Argo Group Limited ("Argo" or "the Company")
Notice of Extraordinary General Meeting
Proposed authority to make purchases of its own shares and Rule 9 Waiver
Argo Group Limited ("AGL"), the independent alternative investment manager offering a multi-strategy platform for investing in global emerging markets, announces that it has today posted a circular to shareholders in connection with a proposed authority to make purchases of its own shares and Rule 9 Waiver. An extraordinary general meeting of the Company will be held at its registered offices, at 3.00pm on Thursday, 3 March 2016. All documents relating to the Buyback can be found on the Company's website: http://www.argogrouplimited.com.
The Company intends to use up to £2 million to acquire Ordinary Shares in the market. The minimum price Argo intends to pay is 5p per Ordinary Share over a twelve month period.
The Independent Directors believe it is in the best interests of the Company to be able to buy Ordinary Shares if they become available for purchase at an attractive price as an important mechanism for creating liquidity in the stock market.
The Whitewash Resolution is proposed to seek approval for a waiver granted by the Takeover Panel of the obligations under Rule 9 of the Code which would otherwise apply to Kyriakos Rialas and Andreas Rialas as the holders of 36.20% of the Company's net issued share capital.
Enquiries:
Argo Group Limited
Andreas Rialas
020 7016 7660
Panmure Gordon
Dominic Morley
020 7886 2500
Argo Group Limited ("Argo" or "the Company")
Notice of Extraordinary General Meeting
Proposed authority to make purchases of its own shares and Rule 9 Waiver
Introduction
The Board is proposing that the Company undertakes the purchase of Ordinary Shares in the market, and cancels them. The Company will undertake this purchase in accordance with the provisions of Isle of Man law. The Board intends to use up to £2 million to acquire the Ordinary Shares in the market, with the minimum price of 5p to be paid per Ordinary Share, over a twelve month period.
The Whitewash Resolution is proposed to seek approval for a waiver granted by the Panel of the obligations under Rule 9 of the Code which would otherwise apply to Kyriakos Rialas and Andreas Rialas as the holders of 36.20% per cent. of the Company's net issued share capital as at 3 February 2016 (being 23.19% held by Andreas Rialas and 13.00% held by Kyriakos Rialas), the last practicable date prior to this announcement, if that shareholding increased as a result of the Company purchasing and cancelling some or all of its own Ordinary Shares.
The Independent Directors believe it is in the best interests of the Company to be able to buy Ordinary Shares if they become available for purchase at an attractive price as an important mechanism for creating liquidity.
It is important to note that the Board would only proceed if it considered that the effect of such purchase would be to increase earnings and/or net assets per Ordinary Share and that such exercise would be in the best interests of Shareholders generally.

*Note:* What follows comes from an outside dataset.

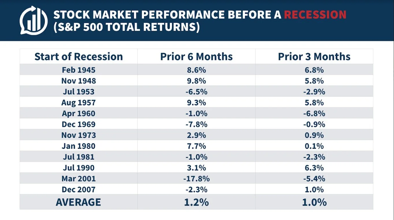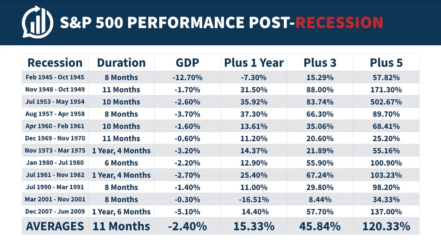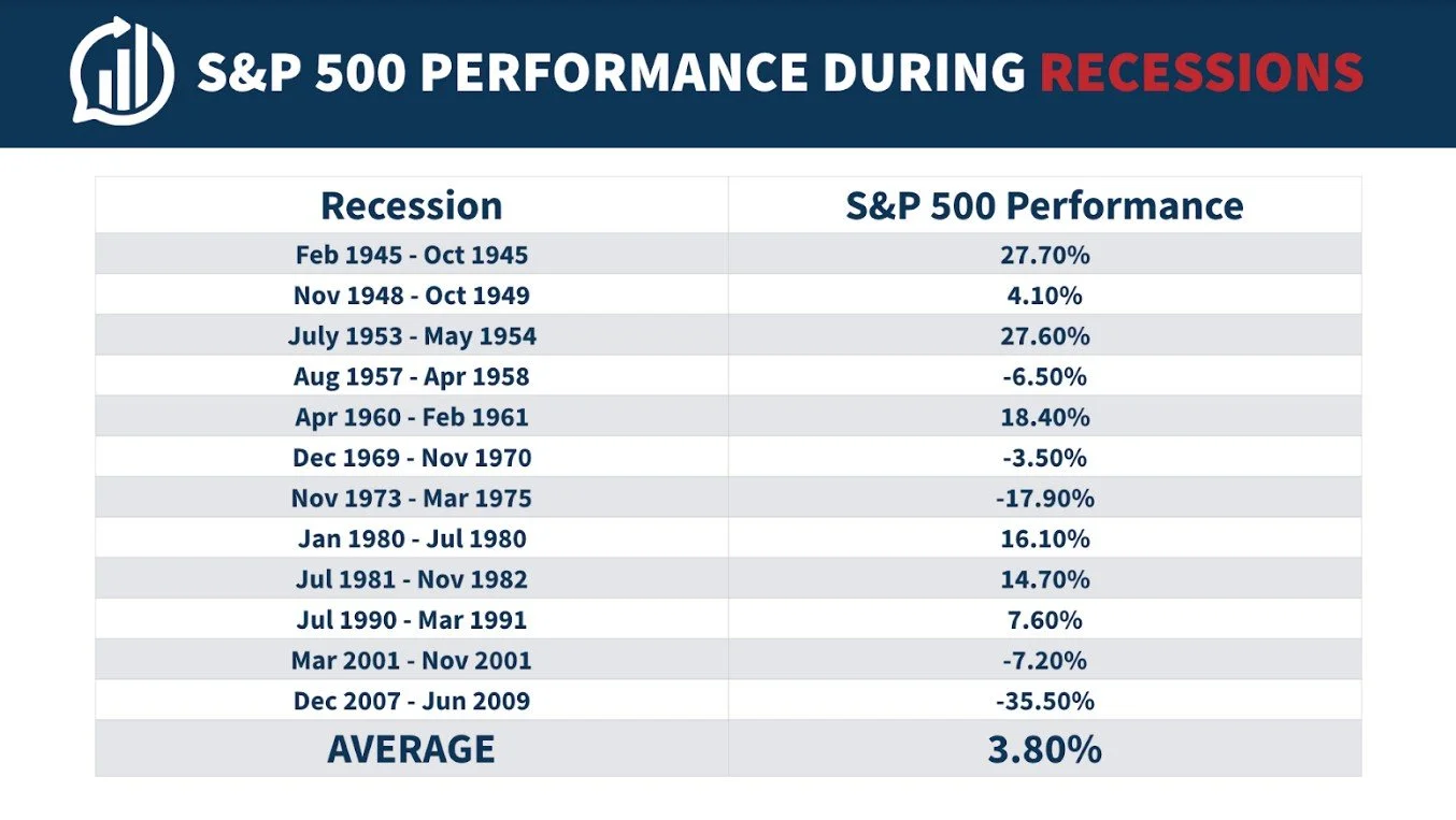 We investors should not have an excessive fear of recessions. Believe it or not, they are a normal component of the business cycle and are unavoidable. Did you know that since the Great Depression of 1929, recessions have occurred in a consistent cycle every 4-5 years on average? They have been referenced as a sort of "pitstop," a time to make adjustments and new assessments during an ever growing and changing economy. It has even created opportunity by providing lower stock prices and weeding out short term speculators. But by the time the recession is over, long term investors who stayed the course will ultimately be the ones who are aligned to reap the benefits of the recovery. Notice below the historical returns before a recession, during a recession, and the recovery years after: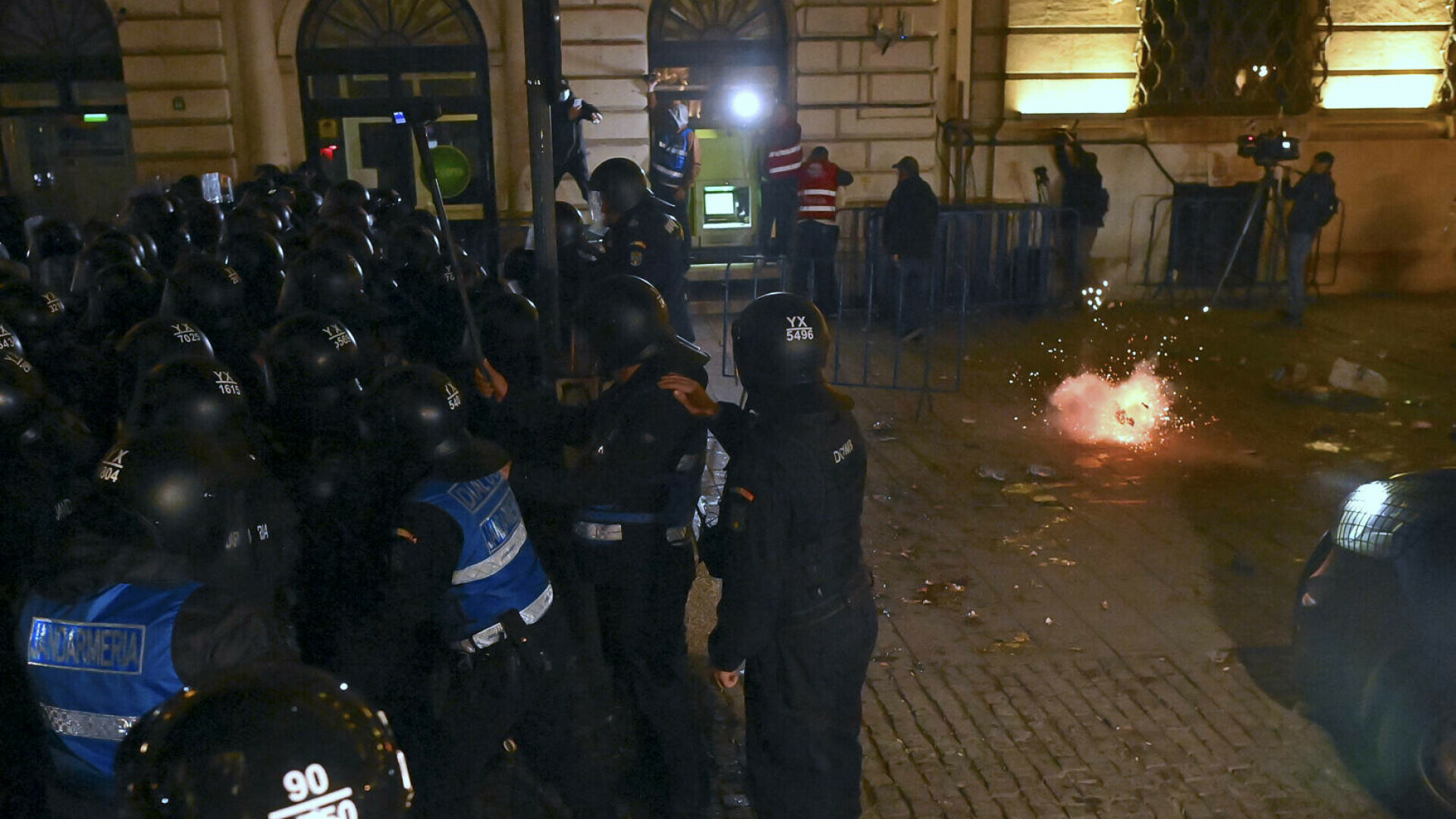 În acest context, „unii dintre participanții la protest au recurs la acte de violență fizică față de forțele de ordine, aruncând obiecte dure în direcția acestora și au provocat distrugeri stradale şi în dauna mai multor societăţi situate în acea zonă.” Protestatarii violenți, între care s-ar fi aflat și suporteri ai galeriilor de fotbal, au smuls bucăți de caldarâm și au aruncat cu ele în jandarmi, dar și cu alte obiecte din plastic și cu ouă.

In addition, the Board would only proceed where the acquisition is in accordance with Isle of Man law.
Waiver of Requirements of the City Code
As indicated above, the terms of the proposals set out in this announcement give rise to certain considerations under the City Code. Brief details of the Panel, the City Code and the protection they afford are given below.
The purpose of the City Code is to supervise and regulate takeovers and other matters to which it applies. The City Code is issued and administered by the Panel. The Company is a company to which the Code applies and as such its Shareholders are therefore entitled to the protections afforded by the City Code.

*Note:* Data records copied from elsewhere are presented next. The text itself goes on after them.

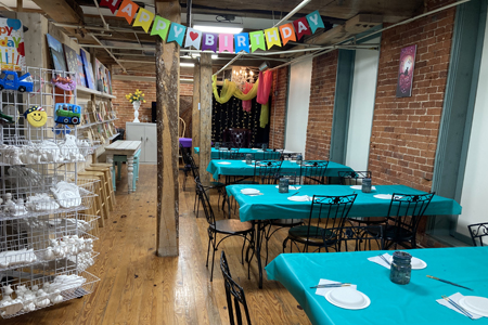 This isn’t your average paint-and-sip spot; it’s a massive 4,800-square-foot studio packed with possibilities. You can try your hand at pottery painting, dive into the wild fun of a splatter paint room, or explore other craft projects.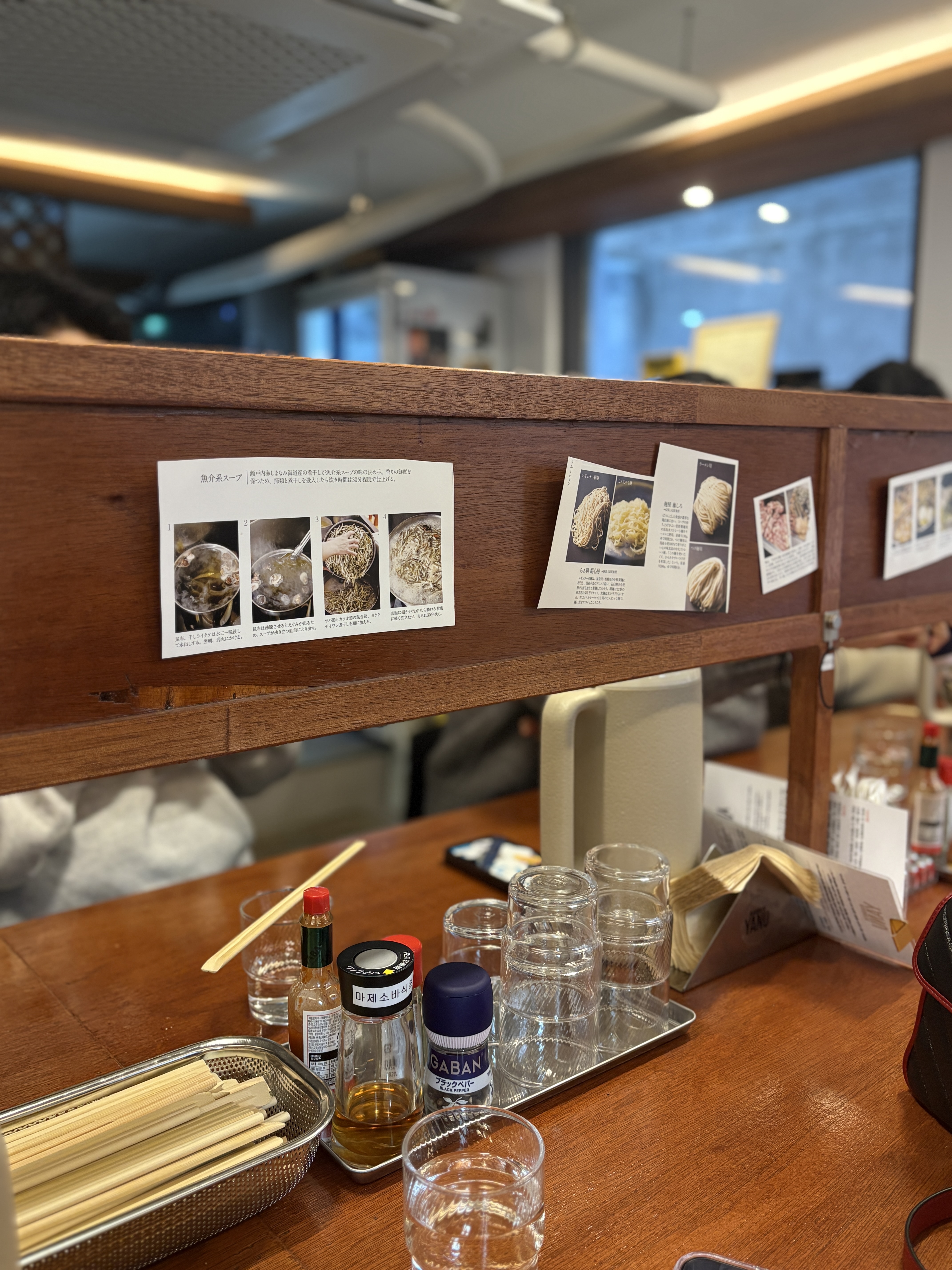 면은 전립분을 넣은 스트레이트 면입니다. 하카타 돈코츠에 쓰이는 호소멘보다는 좀 더 두꺼운 느낌이구요, 푹 익혀내서 주시기에 식사시간동안 면이 스프에 끼치는 영향이 덜해서 좋았습니다. 간스이의 방해도 적었구요. 돈코츠는 저도 바리카타를 좋아하는데 청탕에선 야와에 가까운 맛을 더 좋아하게 되는 것 같습니다.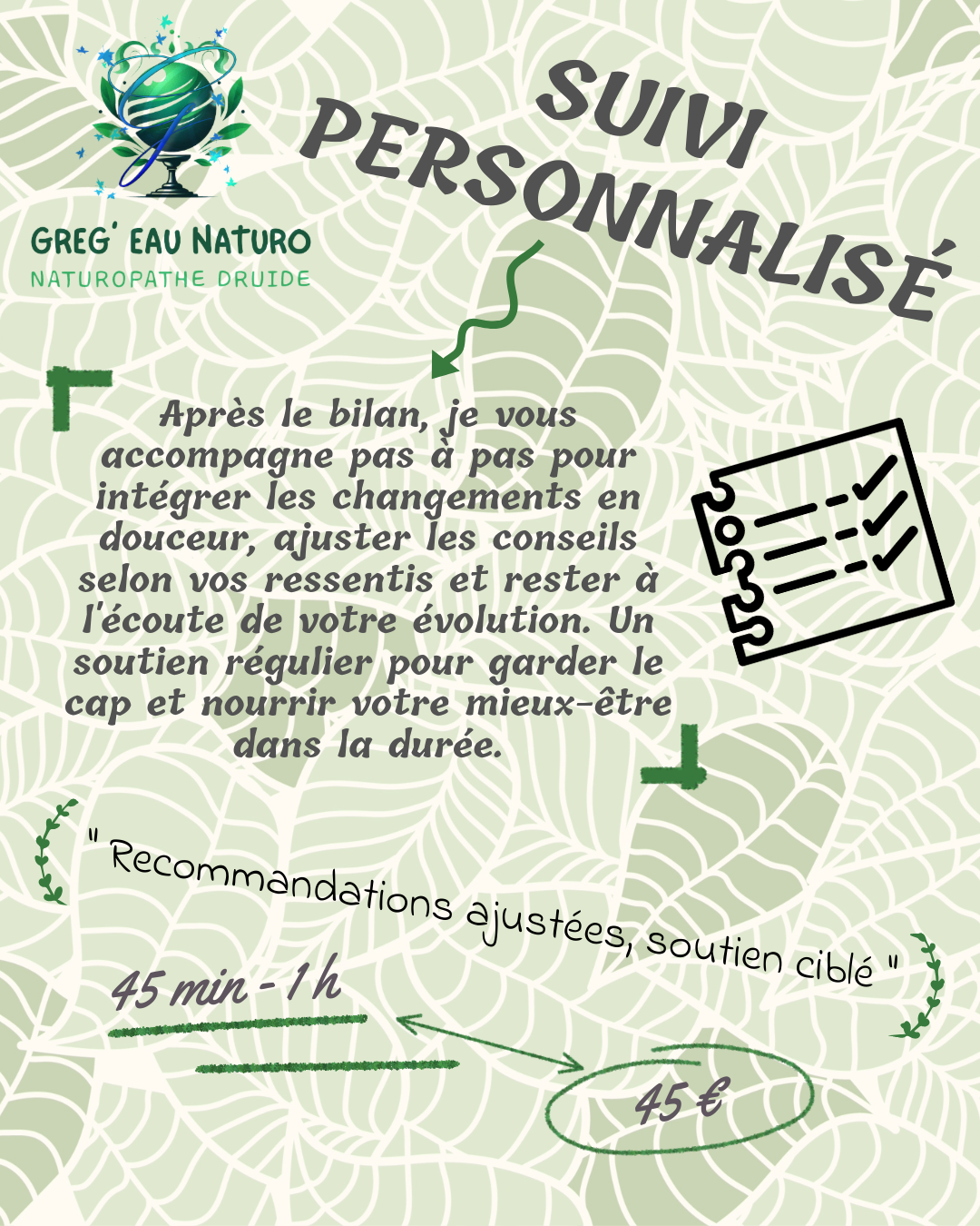 « Après le bilan, je vous accompagne pas à pas pour intégrer les changements en douceur, ajuster les conseils selon vos ressentis et rester à l’écoute de votre évolution. Un soutien régulier pour garder le cap et nourrir votre mieux-être dans la durée. »

Under Rule 9 of the City Code, where any person acquires, whether by a single transaction or a series of transactions over a period of time, an interest (as defined in the City Code) in shares which (taken together with shares in which persons acting in concert with him are interested) carry 30 per cent. or more of the voting rights of a company which is subject to the City Code, that person is normally required by the Panel to make a general offer to all the remaining shareholders to acquire their shares.
Additionally, under Rule 9 of the City Code, where any person, together with persons acting in concert with him, is interested in shares which in the aggregate carry not less than 30% of the voting rights of a company but does not hold shares carrying more than 50% of such voting rights and such person, or any person acting in concert with him, acquires an interest in any other shares which increases the percentage of shares carrying voting rights in which he is interested, that person is normally required by the Panel to make a general offer to all the remaining shareholders to acquire their shares.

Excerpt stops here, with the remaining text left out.